-- AIM OF THE TASK --
For the material that follows, return exactly the lines from the one with "Distribution of REY" through the one with "4小时级别:震荡;MACD金", both ends included.
====== RECORDS TO PROCESS ======
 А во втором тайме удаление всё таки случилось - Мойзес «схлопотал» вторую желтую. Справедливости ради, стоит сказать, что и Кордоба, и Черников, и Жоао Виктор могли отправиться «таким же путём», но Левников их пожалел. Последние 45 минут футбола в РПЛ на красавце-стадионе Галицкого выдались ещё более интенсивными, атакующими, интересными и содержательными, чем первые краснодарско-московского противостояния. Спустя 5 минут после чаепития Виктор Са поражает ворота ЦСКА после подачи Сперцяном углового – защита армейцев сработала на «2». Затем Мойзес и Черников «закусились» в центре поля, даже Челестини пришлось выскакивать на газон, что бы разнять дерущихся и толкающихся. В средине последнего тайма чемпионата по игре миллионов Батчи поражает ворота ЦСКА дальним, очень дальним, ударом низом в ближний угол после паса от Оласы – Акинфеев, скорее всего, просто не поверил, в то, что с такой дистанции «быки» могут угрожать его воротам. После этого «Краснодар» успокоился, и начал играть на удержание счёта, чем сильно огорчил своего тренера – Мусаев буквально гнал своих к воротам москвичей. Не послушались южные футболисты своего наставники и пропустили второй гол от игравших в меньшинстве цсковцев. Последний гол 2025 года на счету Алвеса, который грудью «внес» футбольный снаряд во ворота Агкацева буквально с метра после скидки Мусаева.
======
====== RECORDS TO PROCESS ======
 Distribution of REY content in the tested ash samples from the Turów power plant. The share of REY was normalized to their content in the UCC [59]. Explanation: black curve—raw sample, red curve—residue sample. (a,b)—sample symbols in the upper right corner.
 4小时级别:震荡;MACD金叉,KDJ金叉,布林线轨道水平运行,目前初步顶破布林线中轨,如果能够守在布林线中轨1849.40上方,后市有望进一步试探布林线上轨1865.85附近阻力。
======
====== RECORDS TO PROCESS ======
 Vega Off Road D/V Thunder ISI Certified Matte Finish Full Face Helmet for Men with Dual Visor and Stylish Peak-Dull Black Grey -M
======
-- EXERCISE RESPONSE --
 Distribution of REY content in the tested ash samples from the Turów power plant. The share of REY was normalized to their content in the UCC [59]. Explanation: black curve—raw sample, red curve—residue sample. (a,b)—sample symbols in the upper right corner.
 4小时级别:震荡;MACD金叉,KDJ金叉,布林线轨道水平运行,目前初步顶破布林线中轨,如果能够守在布林线中轨1849.40上方,后市有望进一步试探布林线上轨1865.85附近阻力。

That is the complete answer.